By way of closing I’d like to show you the video presentations the students on the Data Science for Design MSc students came up with as the final outcome of their project to import the Survey of Scottish Witchcraft database into Wikidata.

Here are two data visualisation videos they produced:

Further reading

 3 steps to better demonstrate your institution’s commitment to Open Knowledge and Open Science.

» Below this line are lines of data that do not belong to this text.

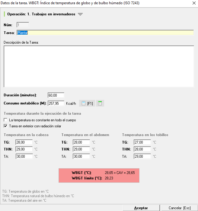 para obtener el resultado deseado. Además, según si la temperatura es constante en todo el cuerpo o no, deberá introducir los datos de las diferentes zonas corporales (cabeza, abdomen y tobillos), siendo posible indicar la temperatura del aire en tareas con radiación solar.
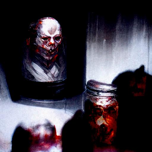 Heads in a jar on a shelf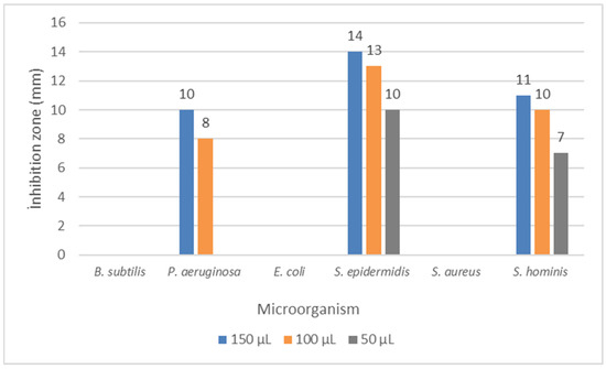 Test bacteria strains used in the study were Bacillus subtilis DSMZ 1971, Escherichia coli ATCC 25922, Pseudomonas aeruginosa DSMZ 50071, Staphylococcus aureus ATCC 25923, Staphylococcus epidermidis DSMZ 20044, Pseudomonas fluorescens P1, Salmonella typhimurium SL 1344, and Staphylococcus hominis ATCC 27844. The microorganism inocula were prepared under controlled conditions of correct incubation, with bacteria undergoing a 24-h incubation period at 37 °C, while yeasts were subjected to 48 h of incubation at 27 °C. Sterile saline solutions were carefully prepared for each microorganism, ensuring purity and consistency, and subsequently adjusted to the 0.5 McFarland standard to obtain uniformity in cell density across samples. Prepared according to the turbidity of the 0.5 McFarland standard, the concentration of viable cells within the test tube ranged from 1 × 107 to 1 × 108 colony-forming units per milliliter (cfu/mL) [37]. The disk diffusion test, a widely employed method, was used to evaluate antimicrobial activity [38]. The extract was applied onto 6 mm Oxoid antimicrobial susceptibility test disks at three doses: 50, 100, and 150 μL each. After application, the disks were air-dried for 8 h at 30 °C under sterile conditions to remove residual ethanol from the extract. Autoclaved, sterilized Mueller−Hinton agar (BD Difco, Franklin Lakes, NJ, USA) was poured into 90 mm sterile Petri dishes to achieve an average depth of 4.0 mm (±0.5 mm). Microorganism suspensions were evenly spread across the surface of the Petri dishes. Inside the biosafety cabinet, Petri dishes containing microorganism suspensions were allowed to air-dry for 5 min before disk placement. Disks were positioned on the agar surface within 10 min. Following completion of the test, Petri dishes were incubated at 37 °C for 24 h, and the diameters of the inhibition zones were measured in mm. Control discs, sterile and impregnated with ethanol, were utilized as negative controls in this study [35]. Prior to implementation, these ethanol-laden discs underwent exact drying under aseptic conditions to ensure the complete removal of ethanol residues.

  1. Allocate time/buy out time for academics & postdoctoral researchers to add university research (backed up with citations) to Wikipedia in existing/new pages. Establishing relevance is the most important aspect of adding university research so an understanding of the subject matter is important along with ensuring the balance of edits meets the ethos of Wikipedia so that any possible suggestion of promotion/academic boosterism is outweighed by the benefit of subject experts paying knowledge forward for the common good. At least three references are required for a new article on Wikipedia so citing the work of fellow professionals goes some way to ensuring the article has a wider notability and helps pay it forward. Train contributors prior to editing to ensure they are aware of Wikipedia’s policies & guidelines and monitor their contributions to ensure edits are not reverted.
  2. Identify the most cited works by your university’s researchers which are already on Wikipedia using Altmetric software. Once identified, systematically add in the Open Access links to any existing (paywalled) citations on Wikipedia and complete the edit by adding in the OA symbol (the orange padlock) using the {{open access}} template. Also join WikiProject Open Access.
  3. Help build up a bibliographic repository of structured machine-readable (and multilingual) linked open data on both university researchers AND research papers in Wikidata using the easy-to-use suite of tools available.